- _WHAT THE TASK ASKS_
Transcription task. Write out each entry verbatim and exclude any image.

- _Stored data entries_
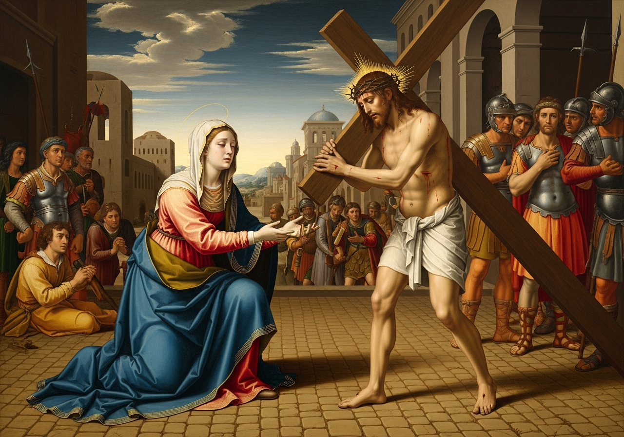 Betrachtung: Maria trifft ihren Sohn auf dem Weg zum Tode. Ein Schwert durchbohrt ihre Seele – die Prophezeiung des Simeon erfüllt sich. Ein Blick zwischen Mutter und Sohn – mehr Worte sind nicht nötig. Jeder Atemzug sagt: "Ich liebe dich. Es ist gut. Vertrau."
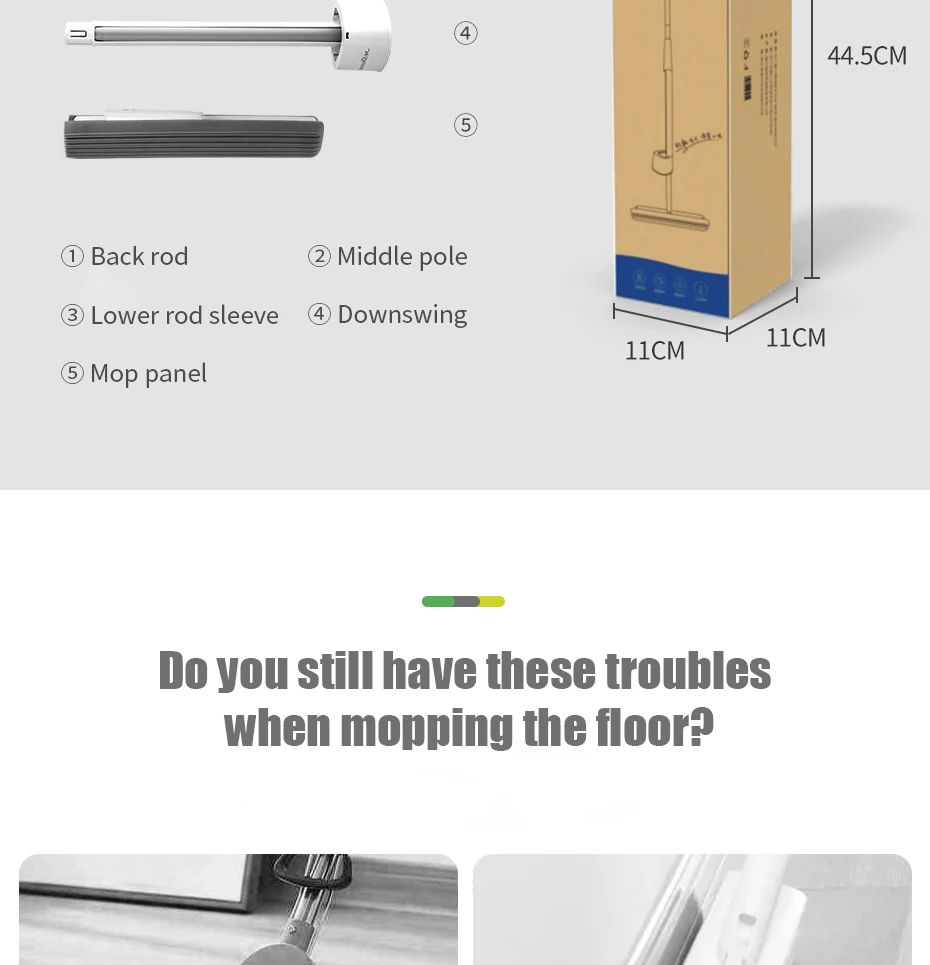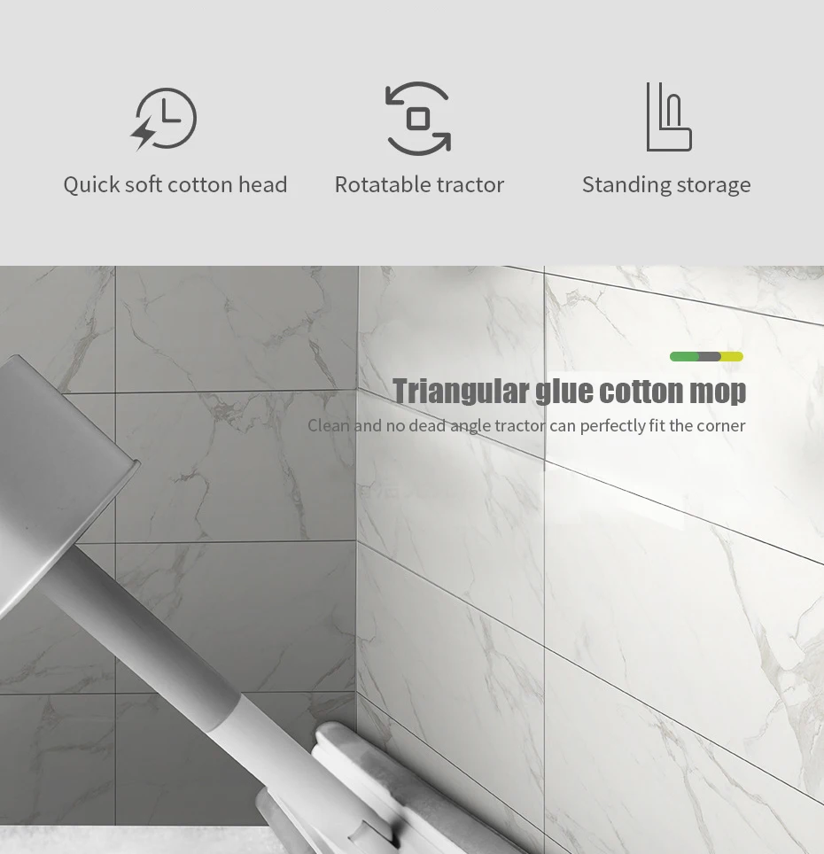 5. 180° ROTATABLE MOP HEAD: easy to shuttle through the corners of the wall, easy to clean without dead ends
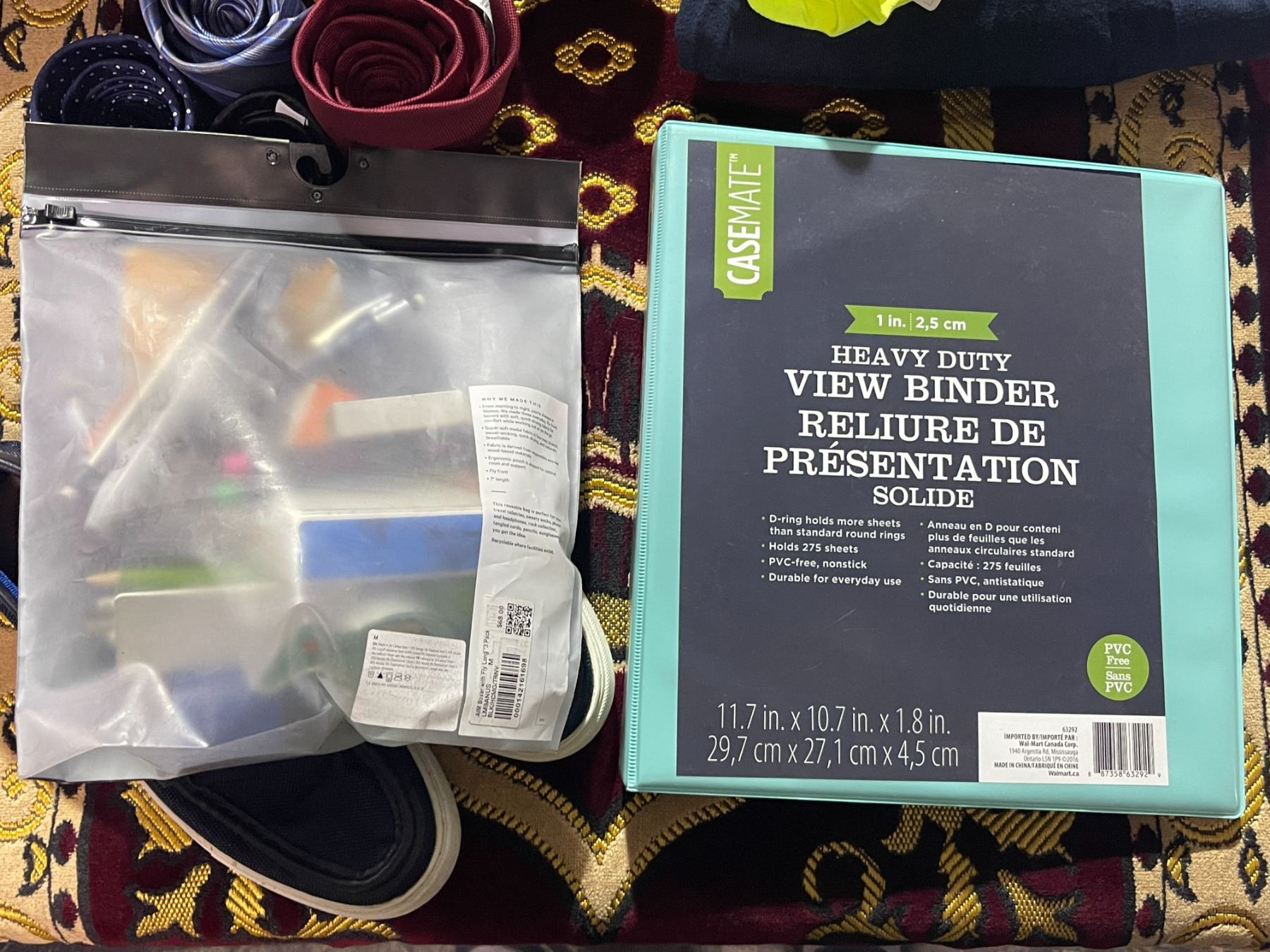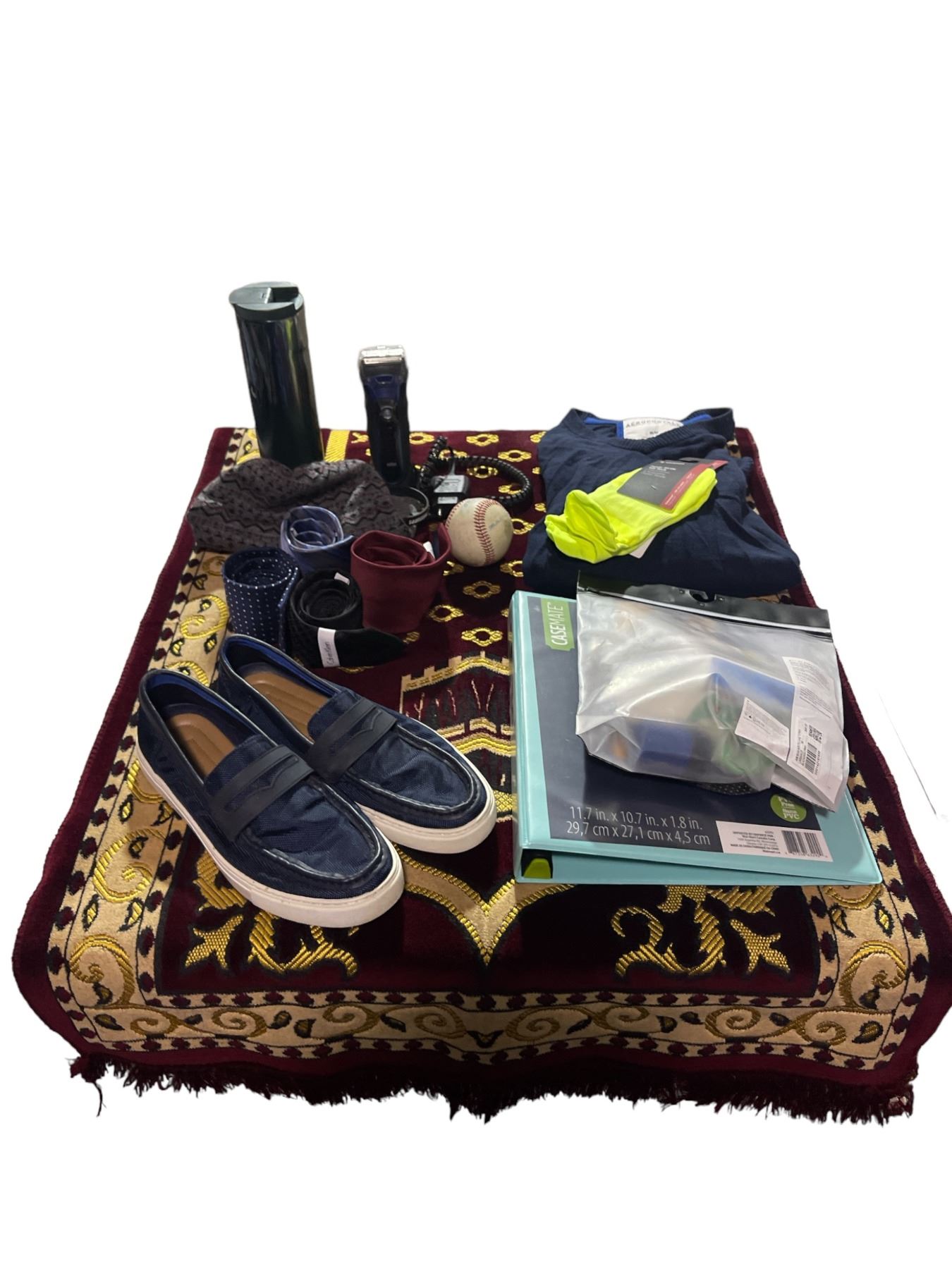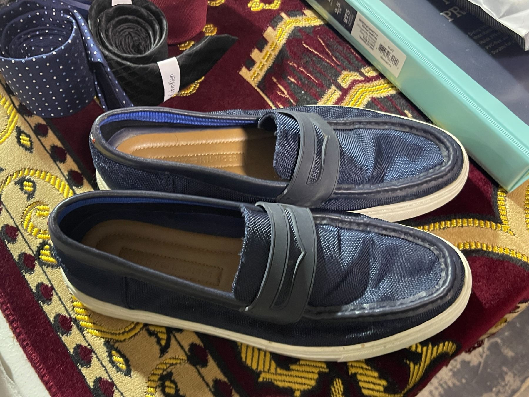 Group lot - Tommy Hilfiger loafers (Size 8) - baseball - binder w/ misc supplies - x4 ties - toque - shaver - thermos - lululemon socks - prayer mat
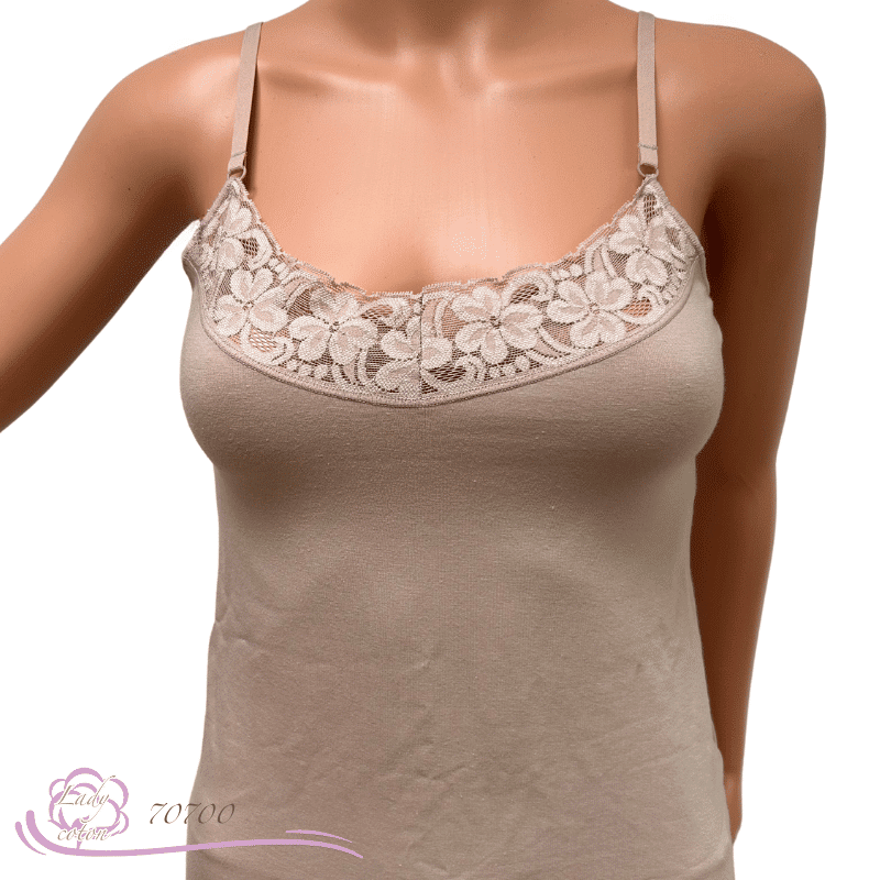 Que vous le portiez seul en été avec un jean, ou bien sous un pull ou un chemisier en hiver, vous aurez une sensation de bien-être tout au long de l’année. Effectivement, sa matière respirante en coton peigné vous garantit une fraîcheur agréable en toutes circonstances. Tandis que la dentelle de Calais apporte une touche de féminité et de raffinement.
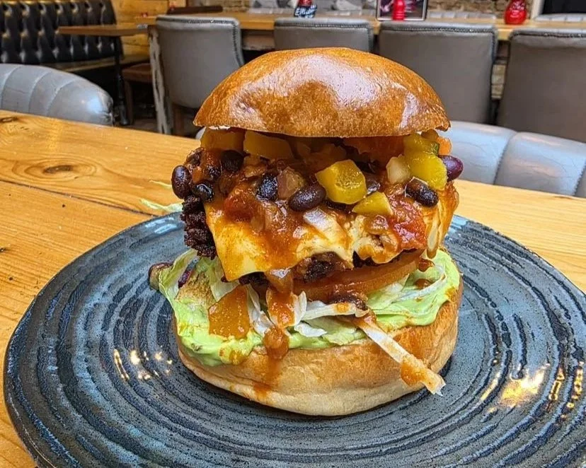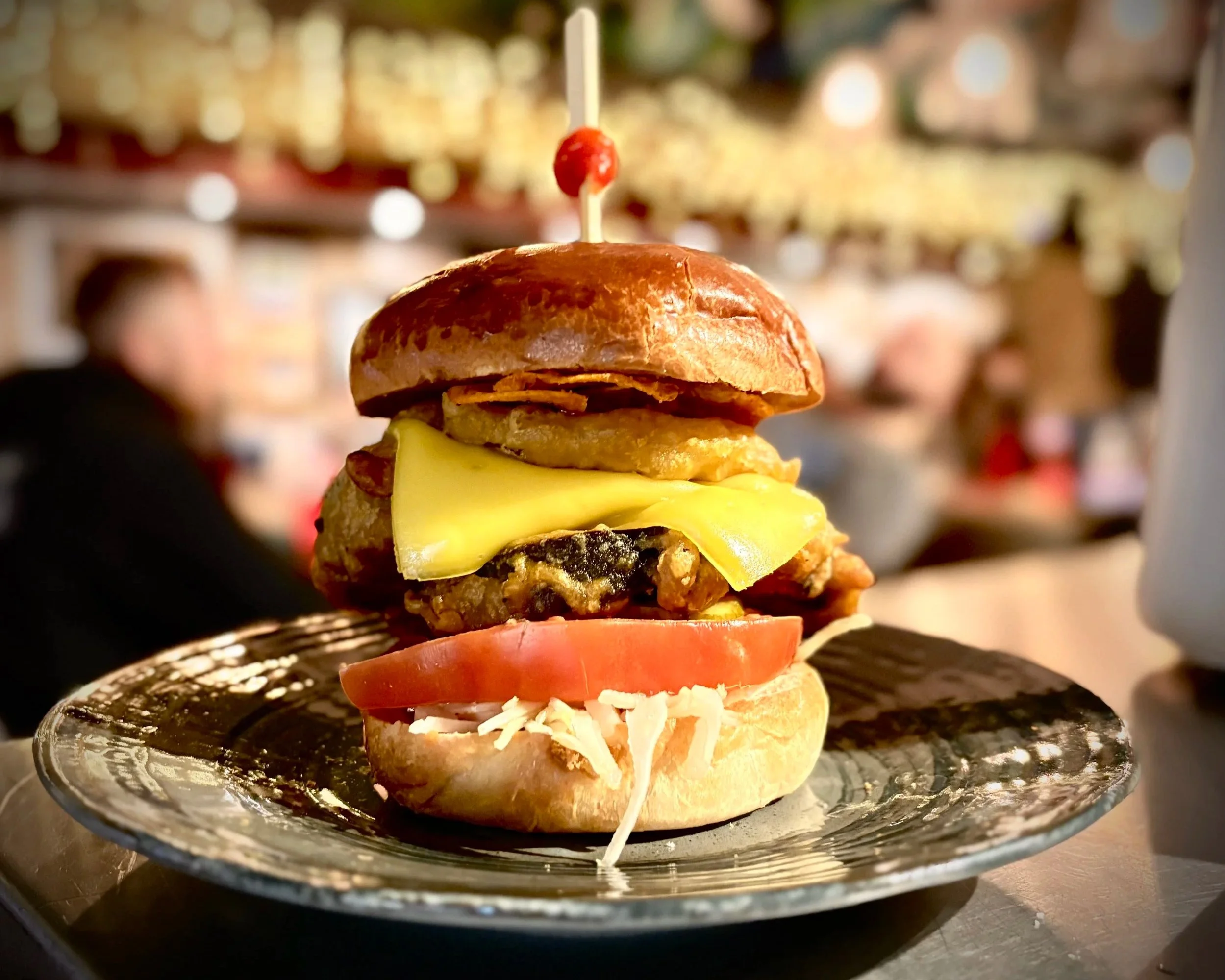Smok’d deep fried aubergine, charred hispi cabbage, vegan cheese, an onion ring, tomato, pickles, mango chutney, paprika crisps, garlic aioli + a sweet red pepper drop.
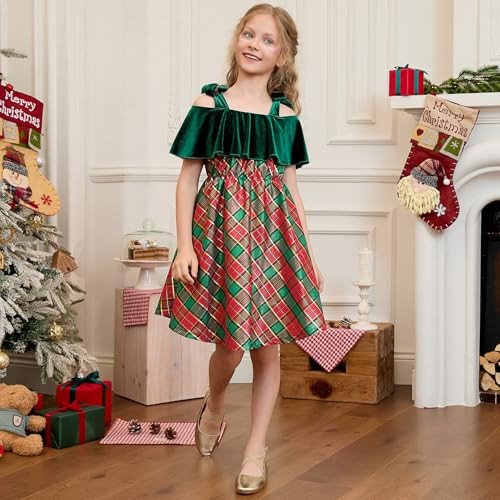 Girls Dress Princess Velvet A-Line Tie Shoulder 4-5T Christmas Green

- _SOLUTION BELOW_
 Betrachtung: Maria trifft ihren Sohn auf dem Weg zum Tode. Ein Schwert durchbohrt ihre Seele – die Prophezeiung des Simeon erfüllt sich. Ein Blick zwischen Mutter und Sohn – mehr Worte sind nicht nötig. Jeder Atemzug sagt: "Ich liebe dich. Es ist gut. Vertrau."
 5. 180° ROTATABLE MOP HEAD: easy to shuttle through the corners of the wall, easy to clean without dead ends
 Group lot - Tommy Hilfiger loafers (Size 8) - baseball - binder w/ misc supplies - x4 ties - toque - shaver - thermos - lululemon socks - prayer mat
 Que vous le portiez seul en été avec un jean, ou bien sous un pull ou un chemisier en hiver, vous aurez une sensation de bien-être tout au long de l’année. Effectivement, sa matière respirante en coton peigné vous garantit une fraîcheur agréable en toutes circonstances. Tandis que la dentelle de Calais apporte une touche de féminité et de raffinement.
Smok’d deep fried aubergine, charred hispi cabbage, vegan cheese, an onion ring, tomato, pickles, mango chutney, paprika crisps, garlic aioli + a sweet red pepper drop.
 Girls Dress Princess Velvet A-Line Tie Shoulder 4-5T Christmas Green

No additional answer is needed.